If you have employees in New York and/or California, then you need to know about some important changes to your federal unemployment taxes for 2023.

Please read on to understand what this means for your business, how MegaPay will deduct the taxes, and where you can find how much you owe for this year.

What is Happening with FUTA?

During COVID, a number of states took a loan from the federal government to meet their state unemployment benefits liabilities. This was due to the large number of people unemployed or furloughed, as well as the decision to allow furloughed people to claim unemployment benefits.

Understand that these were loans, not grants, and needed to be repaid. New York and California did not repay the loans on time and are now subject to a reduction in FUTA credits for 2023.

What are FUTA Credits?

The federal unemployment tax rate is typically 6 percent. However, nobody pays this in full because as long as you pay your state taxes on time (which MegaPay helps to ensure), you receive a credit of 5.4%. This means you end up only pay 0.6%.

This helps make unemployment tax affordable for businesses across the country. The tax rate applies to the first $7,000 paid to each employee as wages (not including tips or commissions). 

However, because New York and California did not repay their loans from COVID, they are considered credit reduction states for 2023. 

What Does this Mean for Employers in Those States?
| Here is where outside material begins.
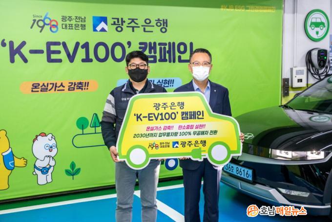 ÀÌ¿¡ ±¤ÁÖÀºÇàÀº ¡®K-EV100¡¯ °¡ÀÔ ¼±Æ÷½ÄÀ» ÅëÇØ Àü±âÂ÷ ÃæÀü½Ã¼³À» ¼³Ä¡Çϰí, ¾÷¹«¿ë ÀÚµ¿Â÷ÀÇ ÀϺθ¦ Àü±âÀÚµ¿Â÷·Î ÀüȯÇÏ¿© ESG °æ¿µ ½Çõ¿¡ ´ëÇÑ °ÇÑ ÀÇÁö¸¦ ¹àÇûÀ¸¸ç, ¾ÕÀ¸·Î ¾÷¹«¿ë ¸ðµç Â÷·®À» ģȯ°æ Àü±âÂ÷·Î ÀüȯÇÏ´Â ÇÁ·ÎÁ§Æ®¸¦ ´Ü°èÀûÀ¸·Î ÁøÇàÇÒ °èȹÀ» ¹ßÇ¥Çß´Ù.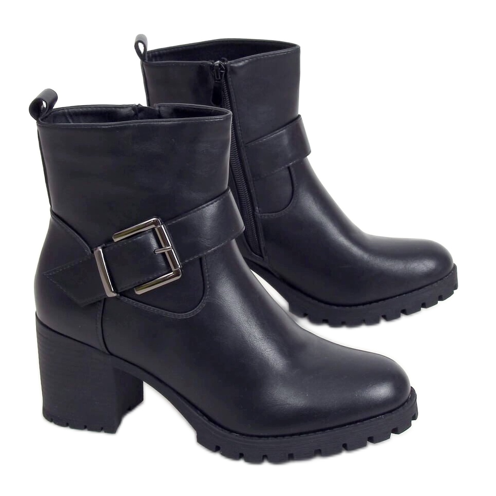 Svarta bredklackade ankelstövlar 7956-GA Svart är ett idealiskt förslag för alla kvinnor som värdesätter ett moderikt utseende och komfort att bära. Tillverkade av högkvalitativt ekologiskt läder, de drar till sig uppmärksamhet med sin eleganta, släta finish i en universell svart färg som passar perfekt till alla stylingar.

If you are operating in California or New York, or have remote employees in those states, then your FUTA credit will be reduced by 0.6% to help the state repay its loans. This means you will be left to pay double than what you typically do: 0.6% to 1.2%.
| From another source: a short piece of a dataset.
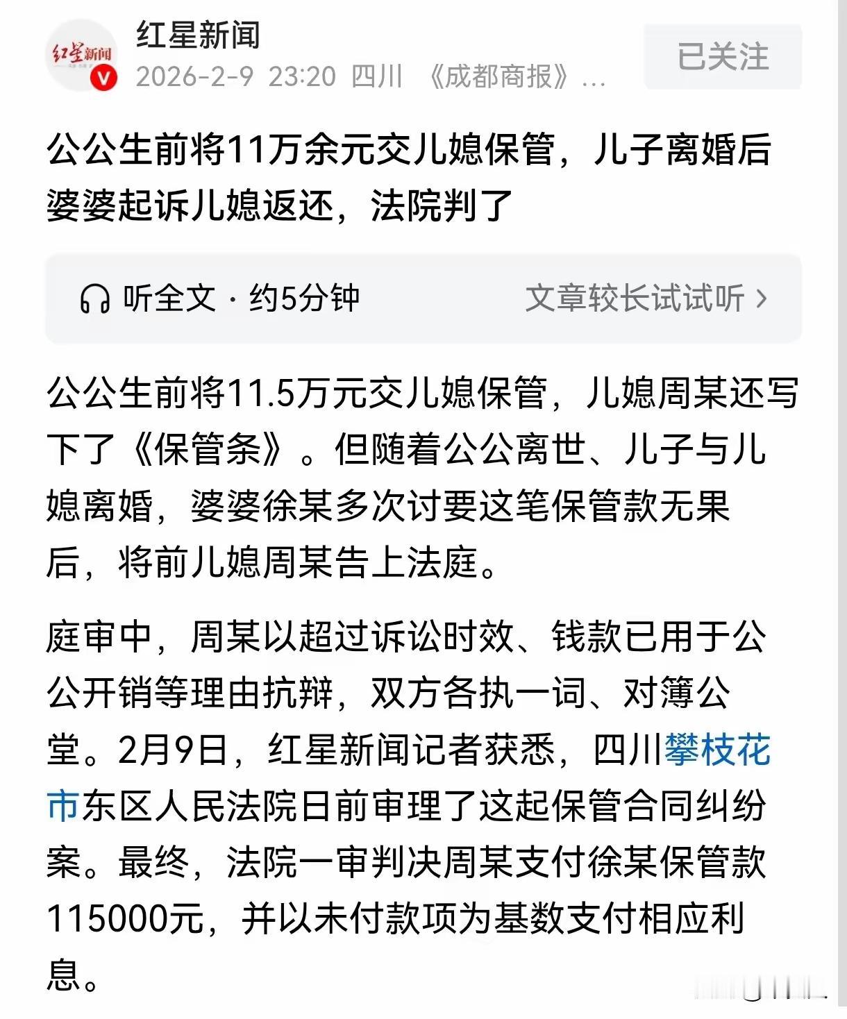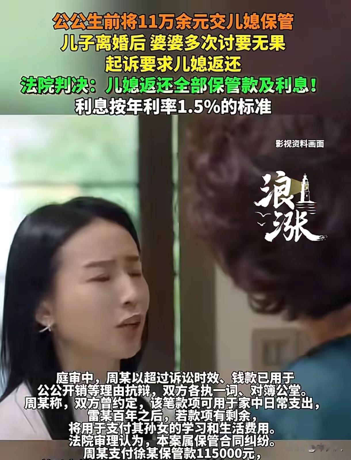 “儿媳保管公公11.5万,8年后拒还称‘已花光’!法院判决一出,全网炸锅!” 在四川攀枝花,一场因11.5万元存款引发的家庭纠纷,近日被推上舆论风口浪尖。一位老人临终前将毕生积蓄交由儿媳保管,本以为是托付信任,却没想到这笔钱竟成了日后撕裂亲情的导火索。更令人唏嘘的是,当儿子儿媳离婚后,前婆婆一纸诉状将前儿媳告上法庭,要求归还全部本金及利息。而前儿媳却坚称:“钱早就花完了,而且诉讼时效早过了!”这场看似普通的家庭财产纠纷,背后却牵扯出法律、道德与亲情的多重博弈。 事情要从2017年说起。当时70多岁的雷大爷,出于对儿媳周某的信任,将自己辛苦积攒的115000元现金亲手交给她,并要求她代为保管。为了让老人安心,周某当场写下一张《保管条》,白纸黑字写明:“今替老爷子雷某某保管现金115000元,存入银行,每年利息送入老人手中。”这张纸条,既是承诺,也是契约。 雷大爷心想,钱放在自家人手里,总比存在银行更放心。可谁也没想到,2020年6月,雷大爷因病去世,这笔钱却再未回到家族手中。周某既未主动归还,婆家也未及时追讨,一家人表面平静地继续生活了四年之久。 转折发生在2024年7月——周某与丈夫感情破裂,正式离婚。婚姻关系的终结,也让原本被掩盖的矛盾浮出水面。雷大爷的遗孀徐大妈手持那张泛黄的《保管条》,多次上门要求周某归还11.5万元。她态度坚决:“这钱是我老伴的遗产,你只是保管人,不是受益人!” 面对婆婆的追讨,周某却毫不退让。她提出两大抗辩理由:第一,这张《保管条》写于2017年,距今已近8年,早已超过《民法典》规定的3年诉讼时效;第二,这笔钱并非“原封不动”地存放,而是按照老人当年的口头约定,用于家庭共同开销——比如她曾带公公外出旅游花费4000多元,还分两次给了老人3000元“利息”,甚至老人曾亲口说“剩下的钱留给孙女读书用”。 为了佐证自己的说法,周某还拿出一本手写的账本,详细记录了各项支出。然而,徐大妈对此嗤之以鼻:“这些全是她自己写的,我老伴从未签字确认,凭什么作数?” 案件进入法院审理阶段后,焦点迅速集中在三个关键问题上:是否存在有效保管合同?诉讼时效是否已过?所谓“家庭开支”是否真实合法? 法院经审理认为,《保管条》虽未注明归还日期,但明确表达了“保管并返还”的意思,符合《民法典》第888条关于保管合同的定义——即“保管人保管寄存人交付的保管物,并返还该物的合同”。因此,雷大爷与周某之间确实构成合法有效的保管合同关系。 至于诉讼时效,法院指出:由于《保管条》未约定具体返还时间,根据法律规定,寄存人可随时要求返还。因此,徐大妈在2024年提起诉讼,并未超过3年时效。周某所谓“8年已过期”的说法,完全站不住脚。 更关键的是,周某提供的所谓“开支记录”,既无雷大爷签字,也无银行转账、收据等客观证据支撑,纯属单方陈述。法院依法不予采信。而所谓“老人口头承诺赠与孙女”的说法,同样缺乏证据支持。在法律面前,口头承诺若无佐证,难以对抗书面合同。 最终,法院作出判决:周某须向徐大妈返还115000元本金。关于利息部分,虽然《保管条》提到“每年利息送入老人手中”,但未明确利率标准。法院综合考虑实际情况,参照近年来银行一年期定期存款平均利率1.5%,判令周某支付自2017年1月1日起至实际清偿之日止的利息。经核算,本息合计约13万余元,远低于徐大妈最初主张的151944元。 值得一提的是,雷大爷的一双儿女作为法定继承人,均书面声明放弃继承权,同意将全部款项归母亲徐大妈所有。这也让判决执行更为顺畅。 此案一经曝光,迅速在社交平台引发热议。有网友怒斥:“把公公的钱当成自己的小金库,良心不会痛吗?”也有人理性分析:“保管≠赠与,法律必须守住底线。”更有法律人士指出,此案具有典型意义——它提醒所有家庭:涉及大额财物交接,务必保留书面凭证,避免“信任变纠纷”。 事实上,在老龄化社会加速到来的今天,类似“老人托付子女或儿媳保管存款”的情况屡见不鲜。但亲情不能替代法律,信任更需制度保障。若无明确约定,一旦家庭关系破裂,极易引发不可调和的矛盾。 雷大爷或许至死都相信,儿媳会善待他的积蓄。但他没想到,信任一旦被辜负,连骨灰未寒之际,都可能成为他人争利的筹码。而法院的判决,不仅维护了法律尊严,也为无数家庭敲响警钟:亲情可贵,但规则更不可缺。 如今,周某是否已履行判决尚不得而知,但这场官司留下的教训,值得每个家庭深思。毕竟,金钱可以计算,但亲情一旦破碎,便再难复原。存款老人去世 已故的婆婆

Please note, this is not your fault but unfortunately, there's no way to escape the additional tax liability. If you have employees in multiple states, it applies only to employees based in California or New York. The amount per employee remains small, but it can add up if you have a lot of employees.

This increased liability will be charged in January, when the fourth quarter tax adjustments are calculated.  You will be charged this tax for the entire year as one lump sum. The short notice is due to the fact that the credit reduction only came into effect when a loan deadline was missed in November.

States routinely take out loans and are not always able to pay them back, so FUTA credit reductions can potentially happen in other states in the future.

What Do MegaPay Customers Need To Do?

MegaPay has setup our system to automatically deduct the extra tax for our clients in New York and California. To find the amount that will be automatically deducted, you can find your taxable wages in MegaPay by running a report.

The report is Z Taxable Wages For Payroll by Ck Date (5236). Run this report by group type as summary. The amount you need to pay will show up as ER FUI.

This only applies to employers in New York and California and will be a one time thing for 2023, not a long-term change. Your account will be debited on the normal date for fourth quarter tax adjustments

You don't need to do anything else; we will take care of this for you and ensure that you have paid your full tax liability.